These are the items relevant to nonexhaustive enums:

`Enum`: this is the annotated enum,which does not derive `StableAbi`,
requiring it to be wrapped in a `NonExhaustive<>` to be passed through ffi.

`Enum_NE`(generated): A type alias for `NonExhaustive<Enum,_,_>`.

`Enum_NEMarker`(generated):
A marker type which implements StableAbi with the layout of `Enum`,
used as a phantom field of NonExhaustive.

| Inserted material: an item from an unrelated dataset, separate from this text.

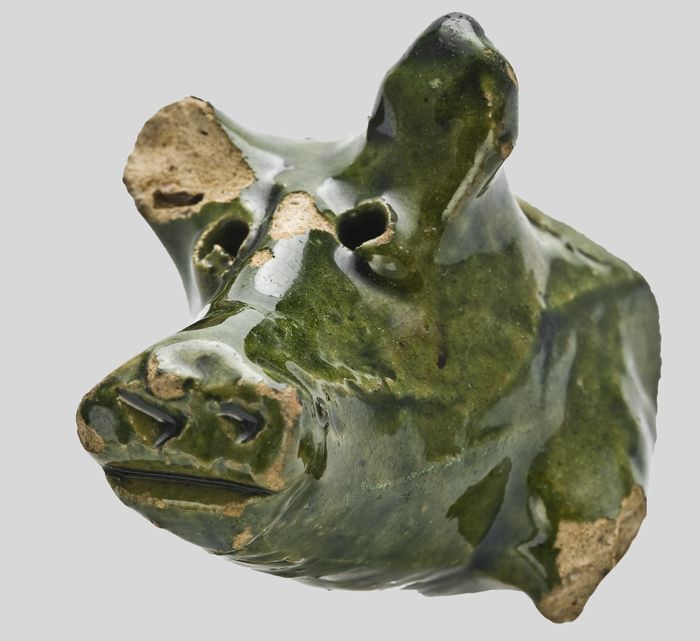 Fragmenten van aardewerk spaarvarkens, twee snuitfra...

`Enum_Storage`(generated):
A type used as storage space by the `NonExhaustive<>` type to store the enum.

`Enum_Bounds`(generated):
Acts as an alias for the traits that were specified in the `traits(...)` parameter.
This is only created if the `traits(...)` parameter is specified.

`Enum_Interface`(generated):
Describes the traits required when constructing a `NonExhaustive<Enum,_,_>`
and usable with it afterwards
(this is a type that implements [`InterfaceType`]).

# Parameters

These are the required and optional parameters for the
`#[sabi(kind(WithNonExhaustive(...)))]` helper attribute.

### Specifying alignment (optional parameter)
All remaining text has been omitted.